[UPDATE 04/06/13] Since this blog post was written, the trademark for Koha in New Zealand has been granted to HLT. See Chris’s comment below.
Earlier in the year, I wrote a case study on Koha, the open source library management system released under the GPL, detailing the history of the project and how the sale of assets had created confusion and disagreements between the Horowhenua Library Trust (HLT) who originally commissioned the system, and PTFS who now holds the copyright for most of the project’s original assets, publishing their own fork under the name LibLime Koha.
At the time of writing, the major issue at hand was PTFS’s trademark application for the mark KOHA in New Zealand, which HLT and Catalyst IT who provide commercial support for Koha were opposing. This month, the case was settled, with the commissioner ruling against PTFS and rejecting the application.
HLT and Catalyst opposed the application on 6 grounds:
- The mark was likely to deceive or cause confusion.
- The application for the mark was contrary to New Zealand law (specifically, The Fair Trading Act 1986), on the basis of ground 1.
- Use of the mark would amount to passing off, also in breach of New Zealand law.
- The mark was identical to an existing trade mark in use in New Zealand.
- PTFS wasn’t the rightful owner of the mark, HLT was.
- The application was made in bad faith, on the basis that HLT owns the mark.
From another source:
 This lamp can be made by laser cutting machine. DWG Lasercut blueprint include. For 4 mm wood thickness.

Interestingly, grounds 3, 4, and 5 were rejected by the commissioner, largely on the grounds that HLT’s use of the name Koha didn’t constitute a trade mark. When HLT originally open sourced Koha, the evidence presented showed that it intended Koha to be given away for free so other libraries could benefit from it. The commissioner didn’t consider this to constitute trading, and therefore Koha, while identical to the mark being registered, didn’t constitute a trade mark.
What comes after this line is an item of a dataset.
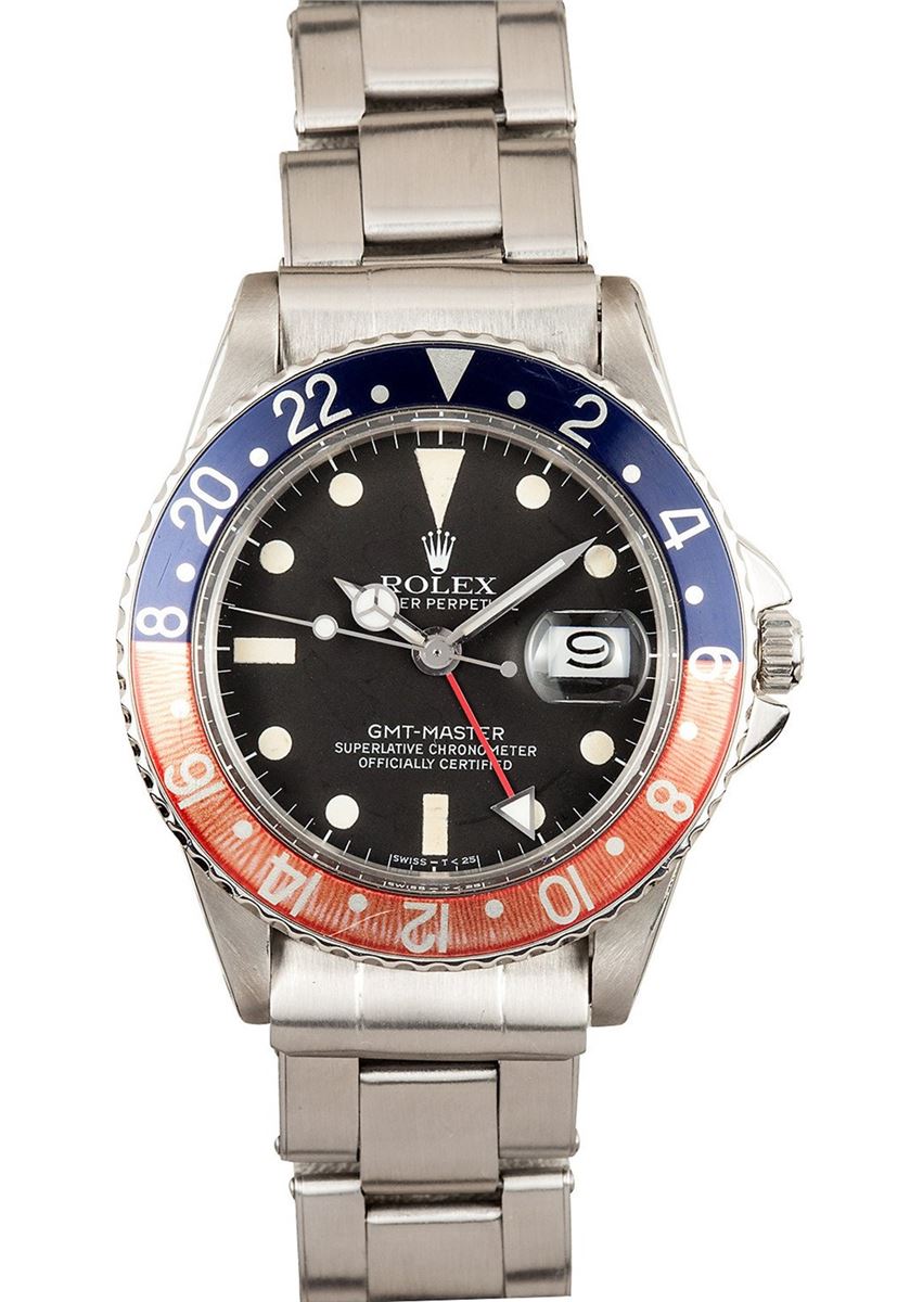 Model/Style-GMT-Master 1675 Serial/Year-Random Features-Automatic movement w/ date, acrylic crystal, screw down waterproof crown, GMT function Case-Stainless steel w/ red and blue (Pepsi) faded bezel insert (40mm), pierced lugs, pointed crown guards Bracelet-Excellent older 7206 Swiss Rivet band with 58 end pieces and 13 links #9119

As ground 5 didn’t show HLT to be the rightful owner, ground 6 was also rejected as PTFS weren’t seen to be acting in bad faith by trying to register a mark which clearly belonged to someone else.
However, HLT and Catalyst’s success in this case hinges on the fact that when the trademark application was made in 2010, HLT’s Koha software had existed for 10 years and was well known in New Zealand’s library sector. Since the commissioner considered the mark being registered to be identical to the name Koha, and HLT’s software to be the same class of product as PTFS’s, it was found that the two could be confused by a substantial number of people, allowing ground 1 to succeed.
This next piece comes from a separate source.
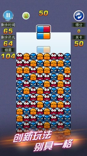 随着关卡难度逐步提升,病毒的数量与颜色种类也会持续增多,这对玩家的反应速度和操作技巧构成了极大考验。游戏内提供了丰富多样的道具,玩家能够借助这些道具来强化自身能力,或是改变病毒的颜色。

Furthermore, the cited sections of the Fair Trading Act had a similar but stricter requirement that there not be a real risk that such a confusion or deception might happen. The commissioner believed that due to Koha’s prominence in the industry there was a real risk in this case, allowing ground 2 to succeed.
The application for the trade mark has now been defeated, with HLT and Catalyst being awarded nearly 7,500 NZD in legal costs between them. What affect this will have on the use of the Koha name in New Zealand isn’t clear – since HLT have been shown not to own the mark themselves, they are unlikely to be able to stop PTFS from using the name in New Zealand should they choose to. However the Koha community in New Zealand can now rest easy knowing that they won’t be stopped from continuing to use the name as they always have.
I hope that other open source software projects use the case of Koha as a lesson to ensure that your branding and IP is well-managed, so that cases like this can be avoided.